**EXERCISE DETAILS**. Extract the stretch of lines that starts at the line with "Das Dokument thematisiert" and ends at the last line of the data below. Give it exactly, without pictures.

**DATASET EXTRACT**.
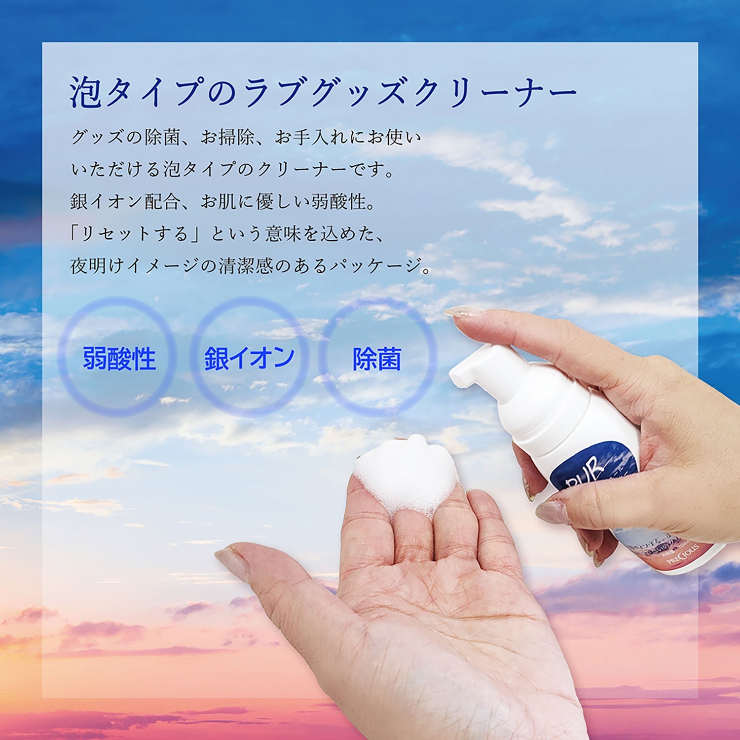 這是一款除菌清潔劑,專為使愛情玩具保持清潔安心而設計。由於是泡沫形式,因此無需使用水,就可以輕鬆清洗玩具。具有弱酸性,對肌膚溫和,並通過添加銀離子來增強除菌效果,確保玩具的清潔安全。由於接觸到嬌嫩的部位,因此建議在使用前後對玩具進行護理。直接將清潔劑塗抹在玩具上,然後用乾布或紙巾擦拭乾淨。包裝以黎明的形象為設計理念,意味著重啟,適合女性的房間擺設。
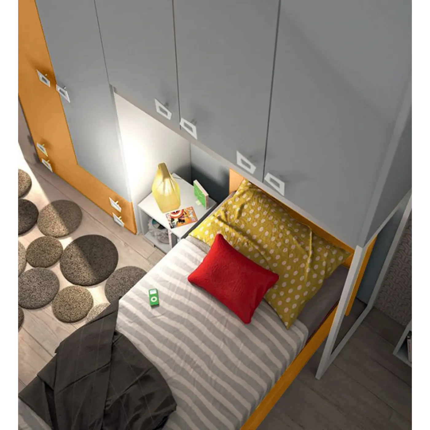 A questo letto singolo è possibile aggiungere una rete a doghe con staffe, il materasso e il comodino.
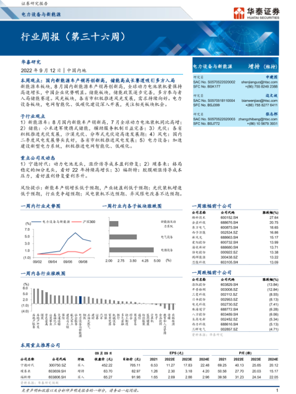 【华泰证券】【20220912】电力设备与新能源行业周报(第三十六周)-24页
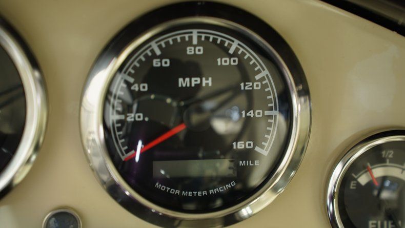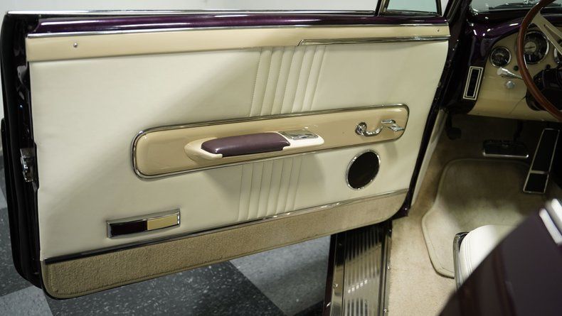 Flip open the door and you'll discover a white leather cockpit built for serious cruising. Those mid-60s Thunderbird bucket seats aren't just for show " they offer perfect support for long drives. The custom-fabricated dash blends elements from a '50 Mercury and '54 Packard into a one-off masterpiece filled with crystal-clear gauges. A center console houses the automatic shifter in perfect reach of the driver. Cool air blasts from the AC system while the AM/FM CD player pumps out your favorite driving soundtrack. Every inch of this cabin shows the same attention to detail as the exterior modifications.
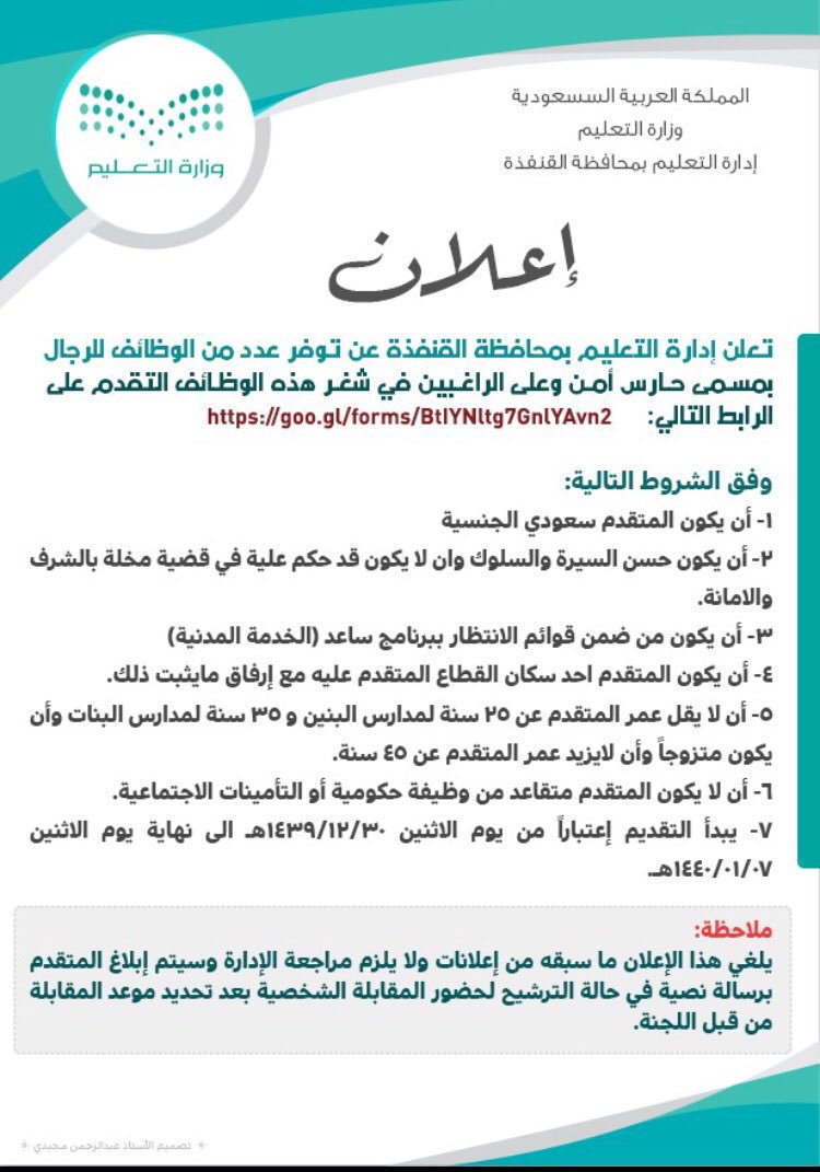 حمد المنيف On Twitter إدارة التعليم بمحافظة القنفذة Qunedu تعلن عن فتح باب التقديم على عدد من وظائفها الشاغرة في مجال الحراسة والتقديم عليها من خلال الرابط أدناه علما بأن
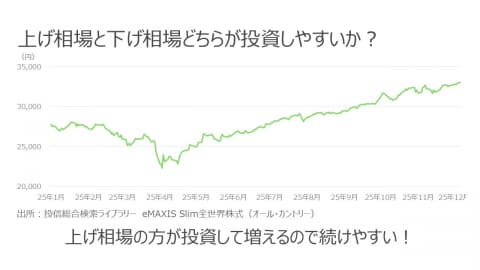 一方、上げ相場では、買った後に比較的早く含み益になりやすく、資産が増えている実感を持ちやすくなります。そのため、投資を継続しやすいという面があります。一般的には、下げ相場よりも上げ相場の方が、精神的には投資を続けやすいと言えるでしょう。
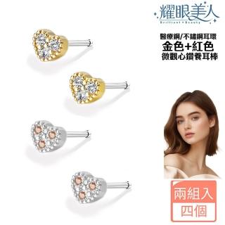 金色+紅色微觀心鑽鋯石養耳棒鈦閃耀/鈦鋼耳環四入(過爐款/女王節/造型美容美感品味),以鈦鋼打造亮眼質感,適合日常穿搭與聚會點綴。
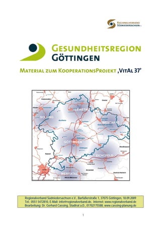 Das Dokument thematisiert das Kooperationsprojekt 'vital 37', das auf die Ausbildung in der Gesundheitswirtschaft und den Erhalt der Gesundheit im Alter abzielt. Es beschreibt die Initiativen zur Bildung eines regionalen Netzwerks in der Gesundheitsregion Göttingen, um die Gesundheitsversorgung, Forschung und wirtschaftliche Entwicklung zu fördern. Die Regionalpolitik will die regionale Gesundheitswirtschaft stärken und als führenden Bereich im internationalen Wettbewerb positionieren.
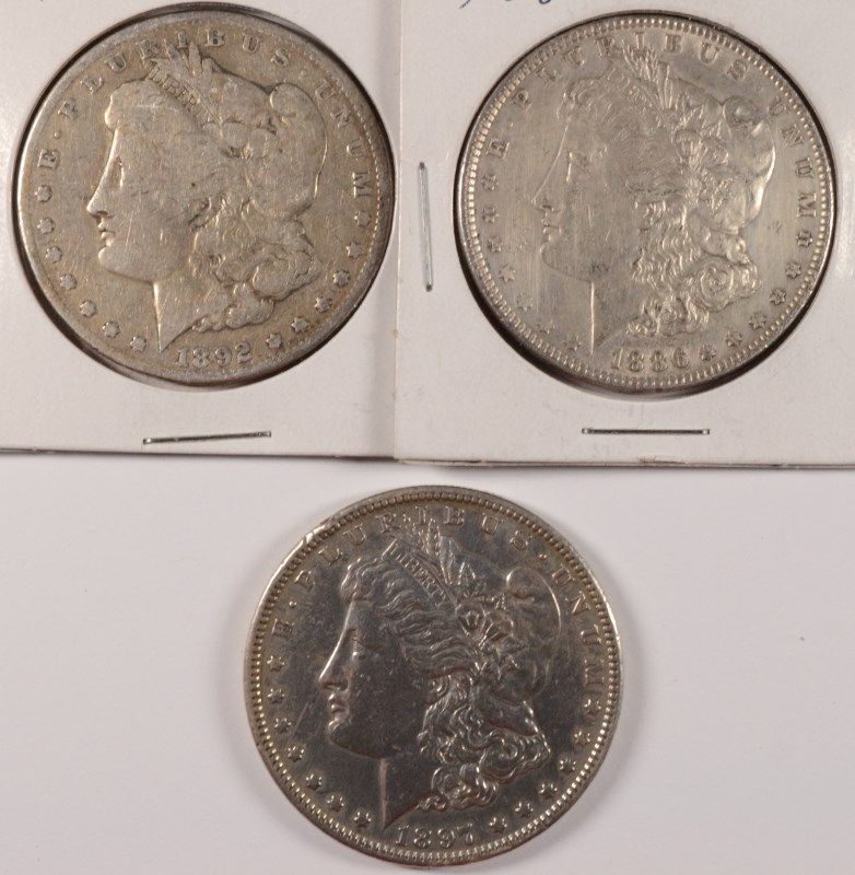 LOT OF 3 CIRCULATED MORGAN DOLLARS 1886, 1892, 1897-S
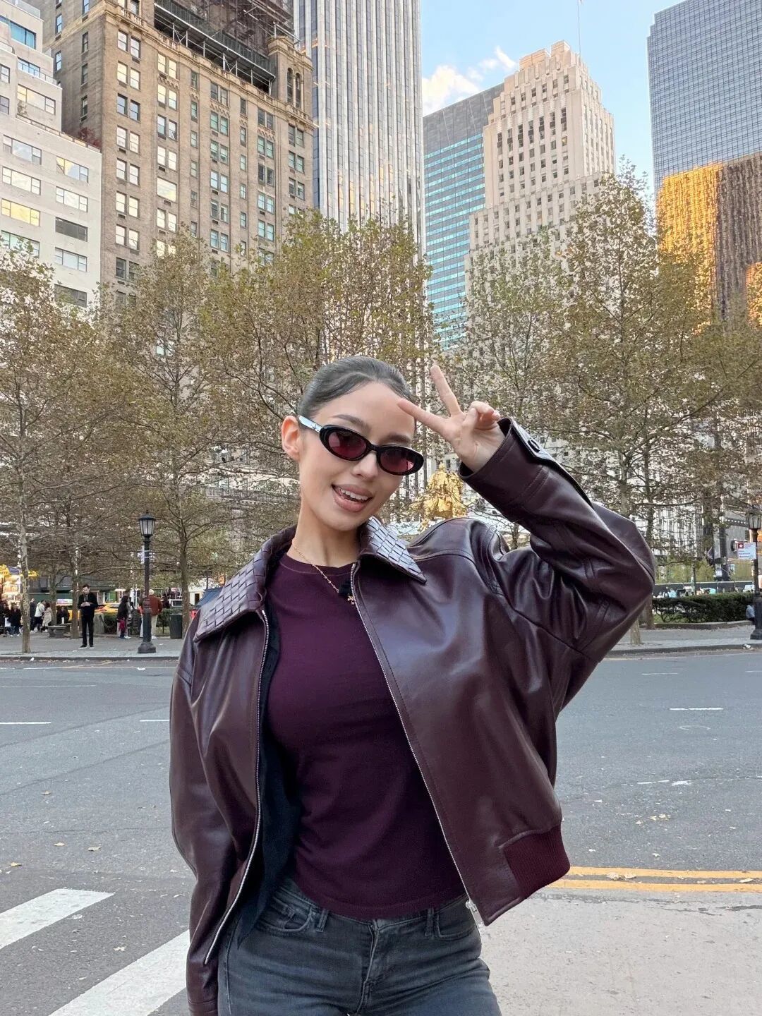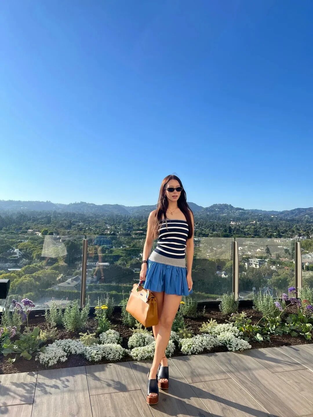 度假穿搭吉娜也稳稳拿捏,总是用细节画龙点睛,墨镜、帽子、包包……直接成为出游出片利器。

**EXERCISE RESPONSE**.
 Das Dokument thematisiert das Kooperationsprojekt 'vital 37', das auf die Ausbildung in der Gesundheitswirtschaft und den Erhalt der Gesundheit im Alter abzielt. Es beschreibt die Initiativen zur Bildung eines regionalen Netzwerks in der Gesundheitsregion Göttingen, um die Gesundheitsversorgung, Forschung und wirtschaftliche Entwicklung zu fördern. Die Regionalpolitik will die regionale Gesundheitswirtschaft stärken und als führenden Bereich im internationalen Wettbewerb positionieren.
 LOT OF 3 CIRCULATED MORGAN DOLLARS 1886, 1892, 1897-S
 度假穿搭吉娜也稳稳拿捏,总是用细节画龙点睛,墨镜、帽子、包包……直接成为出游出片利器。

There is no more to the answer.